Tool	Model	Best used for
kube-linter	Static analysis (YAML, no cluster needed)	Pre-deploy CI gate on every PR
Popeye	Batch scan of live cluster state	Post-deploy audit on a schedule
ACM Governance	Continuous policy engine across a fleet	Ongoing enforcement and auto-remediation

kube-linter catches misconfigurations in manifests before they merge, when feedback is still cheap. Popeye catches what only a running cluster can reveal: drift, hand-applied changes, right-sizing deltas, and runtime-only problems that never appeared in a branch lint.
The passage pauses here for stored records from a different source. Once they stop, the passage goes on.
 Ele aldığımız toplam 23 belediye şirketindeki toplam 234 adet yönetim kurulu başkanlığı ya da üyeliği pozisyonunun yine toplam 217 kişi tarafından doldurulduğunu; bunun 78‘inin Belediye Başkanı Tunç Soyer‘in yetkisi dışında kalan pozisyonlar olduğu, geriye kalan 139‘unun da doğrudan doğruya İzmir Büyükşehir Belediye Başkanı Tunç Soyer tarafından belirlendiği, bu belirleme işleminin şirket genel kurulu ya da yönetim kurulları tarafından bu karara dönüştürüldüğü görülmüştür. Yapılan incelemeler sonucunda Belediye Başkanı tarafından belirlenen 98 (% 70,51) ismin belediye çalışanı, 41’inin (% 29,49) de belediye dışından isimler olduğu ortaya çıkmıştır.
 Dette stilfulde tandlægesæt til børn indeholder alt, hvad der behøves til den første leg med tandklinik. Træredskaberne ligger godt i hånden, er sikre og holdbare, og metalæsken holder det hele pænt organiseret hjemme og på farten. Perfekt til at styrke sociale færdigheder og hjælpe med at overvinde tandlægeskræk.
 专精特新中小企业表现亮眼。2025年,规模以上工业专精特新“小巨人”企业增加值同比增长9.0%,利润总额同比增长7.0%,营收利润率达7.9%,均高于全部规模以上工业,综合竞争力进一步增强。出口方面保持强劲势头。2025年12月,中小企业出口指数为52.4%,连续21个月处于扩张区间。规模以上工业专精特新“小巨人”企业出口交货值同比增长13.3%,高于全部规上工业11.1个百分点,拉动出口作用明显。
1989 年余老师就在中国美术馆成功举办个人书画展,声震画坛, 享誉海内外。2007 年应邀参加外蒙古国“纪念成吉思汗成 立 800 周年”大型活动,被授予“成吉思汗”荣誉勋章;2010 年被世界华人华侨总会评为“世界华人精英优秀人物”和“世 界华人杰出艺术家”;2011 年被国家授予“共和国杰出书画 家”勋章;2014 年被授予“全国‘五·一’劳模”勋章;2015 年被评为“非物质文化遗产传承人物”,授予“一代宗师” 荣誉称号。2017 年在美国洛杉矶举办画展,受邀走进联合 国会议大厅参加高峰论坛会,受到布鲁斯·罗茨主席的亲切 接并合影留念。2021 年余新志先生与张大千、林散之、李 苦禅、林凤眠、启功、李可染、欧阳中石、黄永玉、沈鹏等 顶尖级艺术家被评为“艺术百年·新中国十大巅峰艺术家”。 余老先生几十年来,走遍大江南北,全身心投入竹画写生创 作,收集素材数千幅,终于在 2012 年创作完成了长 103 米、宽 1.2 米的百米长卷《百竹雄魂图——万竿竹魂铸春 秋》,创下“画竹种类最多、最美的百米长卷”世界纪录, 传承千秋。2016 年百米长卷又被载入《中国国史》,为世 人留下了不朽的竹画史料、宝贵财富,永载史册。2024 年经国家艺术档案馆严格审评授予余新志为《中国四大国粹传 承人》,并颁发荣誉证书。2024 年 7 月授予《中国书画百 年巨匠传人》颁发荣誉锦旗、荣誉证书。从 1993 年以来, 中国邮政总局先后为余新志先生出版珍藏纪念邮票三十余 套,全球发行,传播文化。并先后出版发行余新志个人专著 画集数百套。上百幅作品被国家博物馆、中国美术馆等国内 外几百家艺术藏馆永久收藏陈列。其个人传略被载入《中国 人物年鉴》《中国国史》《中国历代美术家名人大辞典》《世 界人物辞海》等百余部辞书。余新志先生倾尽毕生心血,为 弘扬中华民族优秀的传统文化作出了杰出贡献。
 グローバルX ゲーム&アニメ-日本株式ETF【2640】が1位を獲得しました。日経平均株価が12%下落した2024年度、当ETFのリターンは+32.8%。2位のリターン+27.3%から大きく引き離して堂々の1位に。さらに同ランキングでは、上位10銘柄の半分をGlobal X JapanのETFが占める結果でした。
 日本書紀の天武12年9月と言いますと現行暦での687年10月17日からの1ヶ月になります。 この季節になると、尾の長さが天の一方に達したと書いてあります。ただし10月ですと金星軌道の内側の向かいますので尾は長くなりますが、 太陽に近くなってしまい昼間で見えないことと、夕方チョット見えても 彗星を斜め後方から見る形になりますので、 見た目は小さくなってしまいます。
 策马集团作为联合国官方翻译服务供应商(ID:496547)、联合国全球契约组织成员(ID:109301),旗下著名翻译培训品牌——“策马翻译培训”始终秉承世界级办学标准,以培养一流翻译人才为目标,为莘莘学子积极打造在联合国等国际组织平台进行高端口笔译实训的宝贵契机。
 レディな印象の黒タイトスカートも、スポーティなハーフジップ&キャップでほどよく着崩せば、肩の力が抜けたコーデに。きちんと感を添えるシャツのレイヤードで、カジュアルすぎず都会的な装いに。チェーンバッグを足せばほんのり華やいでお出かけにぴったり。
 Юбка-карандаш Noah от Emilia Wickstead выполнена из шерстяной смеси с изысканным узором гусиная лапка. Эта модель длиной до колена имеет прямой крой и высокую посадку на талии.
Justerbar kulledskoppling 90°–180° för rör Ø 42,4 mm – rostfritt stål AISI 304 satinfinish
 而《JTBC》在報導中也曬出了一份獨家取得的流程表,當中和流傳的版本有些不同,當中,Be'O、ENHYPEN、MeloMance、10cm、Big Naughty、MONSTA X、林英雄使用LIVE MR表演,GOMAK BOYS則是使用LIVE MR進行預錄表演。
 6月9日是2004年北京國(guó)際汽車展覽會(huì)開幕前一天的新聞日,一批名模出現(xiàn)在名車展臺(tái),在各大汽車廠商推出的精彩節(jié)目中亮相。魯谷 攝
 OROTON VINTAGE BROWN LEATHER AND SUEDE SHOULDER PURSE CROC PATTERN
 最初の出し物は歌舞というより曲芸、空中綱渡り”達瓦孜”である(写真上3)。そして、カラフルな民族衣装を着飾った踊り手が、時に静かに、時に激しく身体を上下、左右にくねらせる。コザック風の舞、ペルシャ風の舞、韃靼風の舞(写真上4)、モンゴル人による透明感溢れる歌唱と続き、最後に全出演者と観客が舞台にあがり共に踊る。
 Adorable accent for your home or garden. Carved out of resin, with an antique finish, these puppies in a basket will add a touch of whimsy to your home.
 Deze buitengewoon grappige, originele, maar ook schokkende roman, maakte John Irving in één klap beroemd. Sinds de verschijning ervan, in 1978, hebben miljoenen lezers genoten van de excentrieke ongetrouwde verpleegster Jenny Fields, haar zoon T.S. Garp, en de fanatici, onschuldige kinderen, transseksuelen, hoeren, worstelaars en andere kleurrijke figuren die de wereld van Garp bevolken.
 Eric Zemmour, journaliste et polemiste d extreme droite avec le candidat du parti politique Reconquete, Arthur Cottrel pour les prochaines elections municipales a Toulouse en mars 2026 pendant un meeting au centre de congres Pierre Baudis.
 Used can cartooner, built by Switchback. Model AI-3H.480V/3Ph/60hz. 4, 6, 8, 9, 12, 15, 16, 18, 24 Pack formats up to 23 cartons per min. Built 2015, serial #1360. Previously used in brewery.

ACM Governance is the enterprise control plane: policies are continuously evaluated against every managed cluster and can automatically remediate non-compliant resources rather than just reporting them. Together they cover intended state in git, observed state in a single cluster, and enforced state across an entire fleet.

Best practices

The severity model below determines how aggressively to gate on each finding.

Level	Meaning
🔴 Critical	Likely cluster or tenant compromise, major data exposure, or loss of strong workload isolation. Block deploys; require an explicit exception to proceed.
🟠 High	Serious security weakness, frequent or prolonged outages under realistic failures, or clear compliance failure. Block deploys.
🟡 Medium	Reduced resilience, harder operations, noisy-neighbour risk, or slower incident detection. Warn and file a tracking issue; do not block.
🔵 Low	Hygiene with real future consequence: upgrade risk, operational friction, drift, or audit findings. Warn; fix in planned work.
⚪ Style	Consistency and readability conventions only. Report only; never block.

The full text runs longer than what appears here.